◆ **GIVEN DATA**
[Start of Attachment]
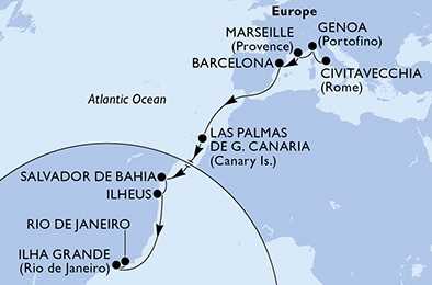 | Den 14 | Salvador, Brazílie, (připlutí: 13:00 | odplutí: 21:00) |
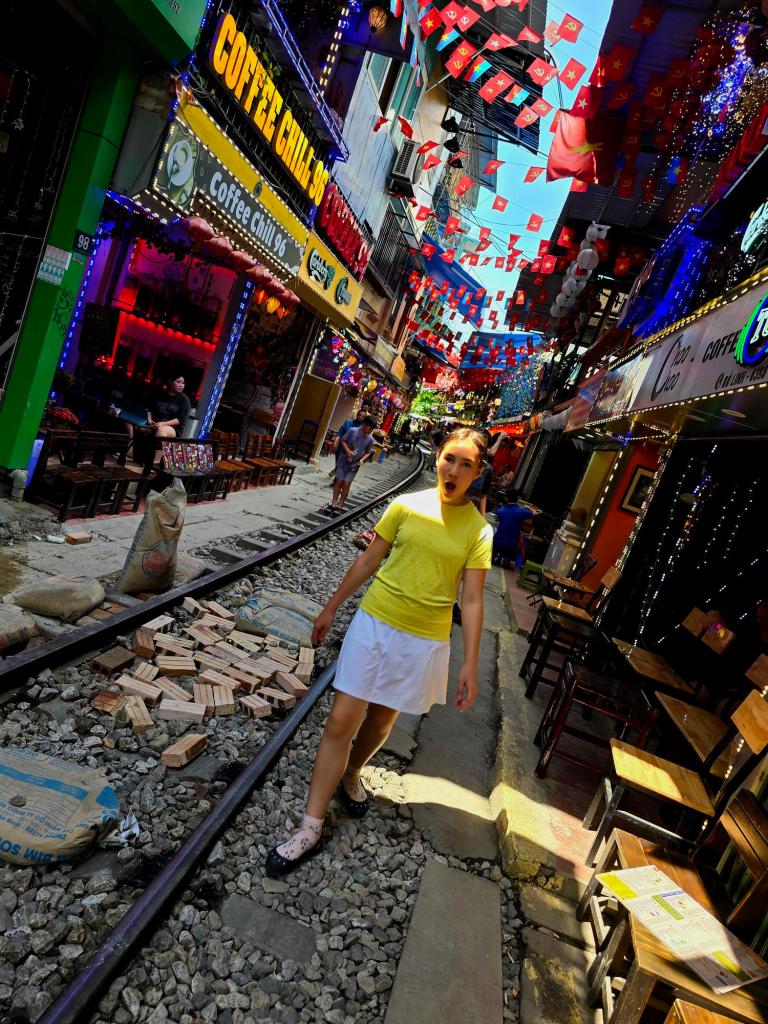 I ducked into a café, ordered an iced Vietnamese coffee to go, and asked about train times. The tracks were still very much active—chaotic, functional, and perfectly aligned with Hanoi’s energy. The barista told me to come back by 2:00 p.m. for a good spot ahead of the 2:30 train. I took mental notes of every turn so I could lead the family back later, then looped my way home.
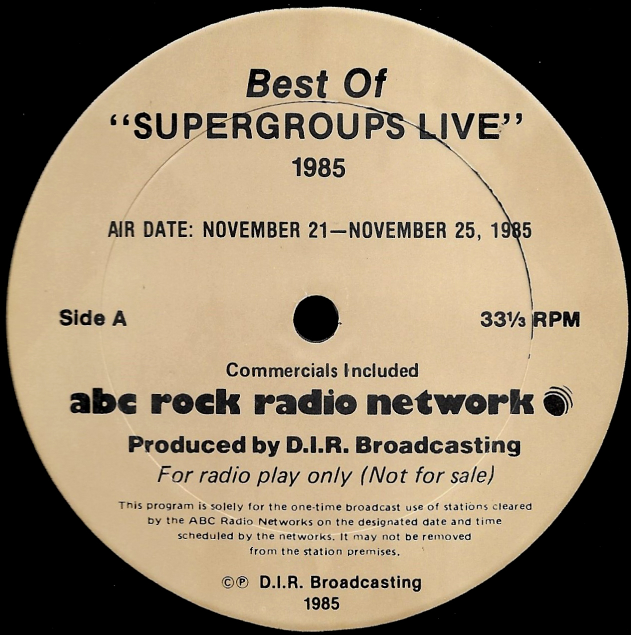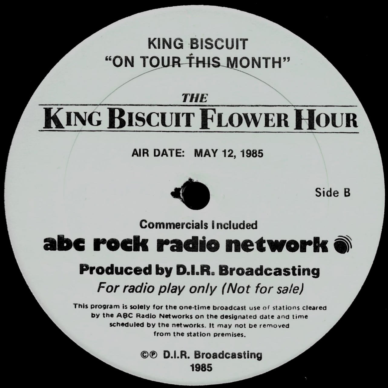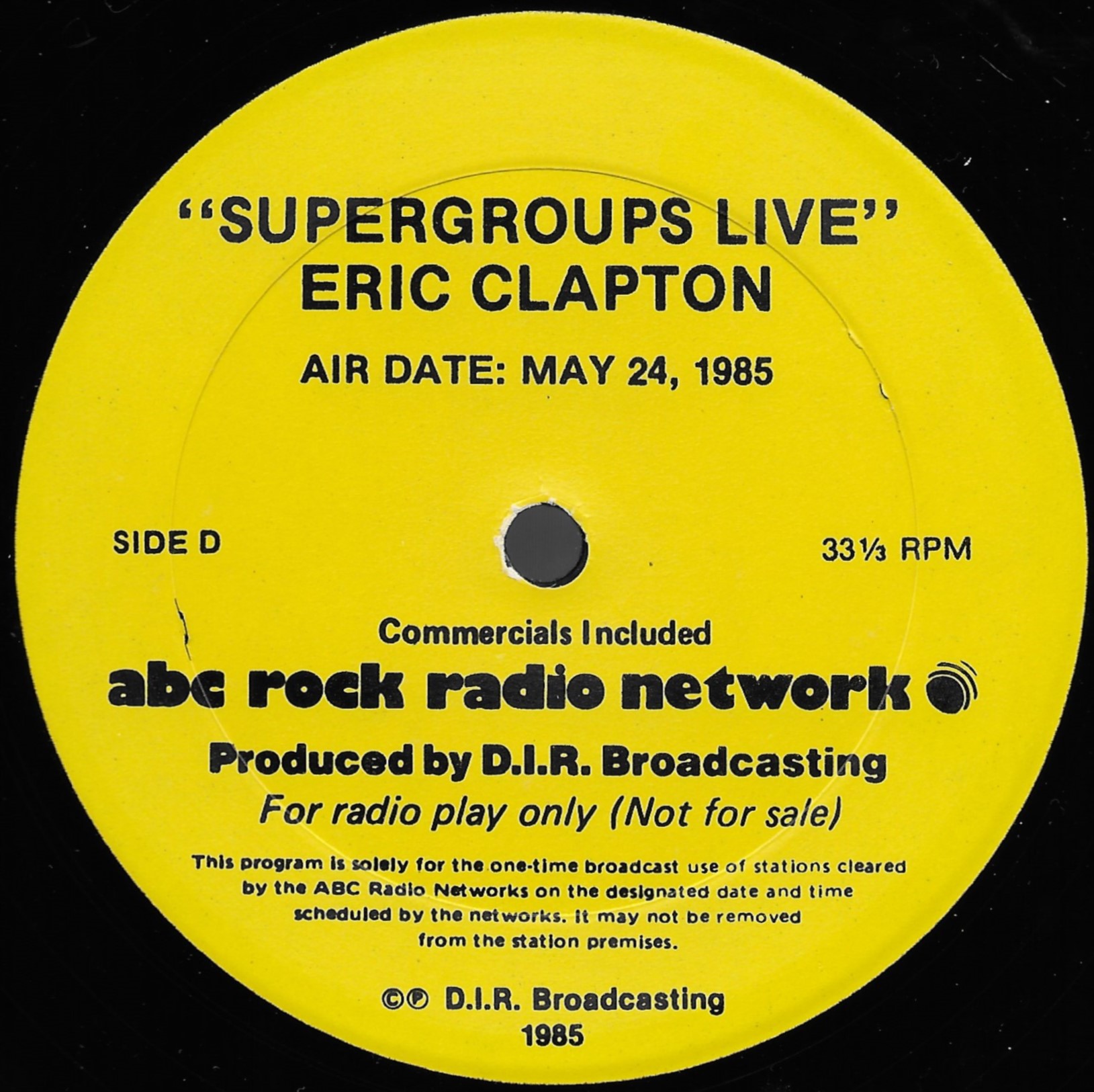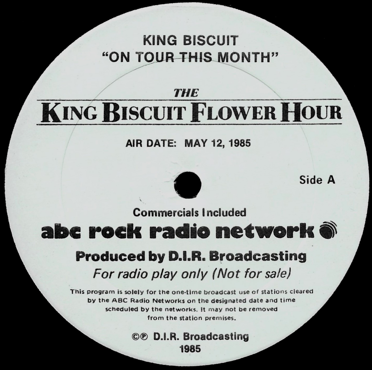 Tracks from the album are played, and there are commercial blocks as well. There are five tracks on the CD. From my personal collection.
[End of Attachment]
◆ **PROBLEM STATEMENT**
Copy the data exactly. Pictures do not belong in the copy.

◆ **REPLY TO THE TASK**
 | Den 14 | Salvador, Brazílie, (připlutí: 13:00 | odplutí: 21:00) |
 I ducked into a café, ordered an iced Vietnamese coffee to go, and asked about train times. The tracks were still very much active—chaotic, functional, and perfectly aligned with Hanoi’s energy. The barista told me to come back by 2:00 p.m. for a good spot ahead of the 2:30 train. I took mental notes of every turn so I could lead the family back later, then looped my way home.
 Tracks from the album are played, and there are commercial blocks as well. There are five tracks on the CD. From my personal collection.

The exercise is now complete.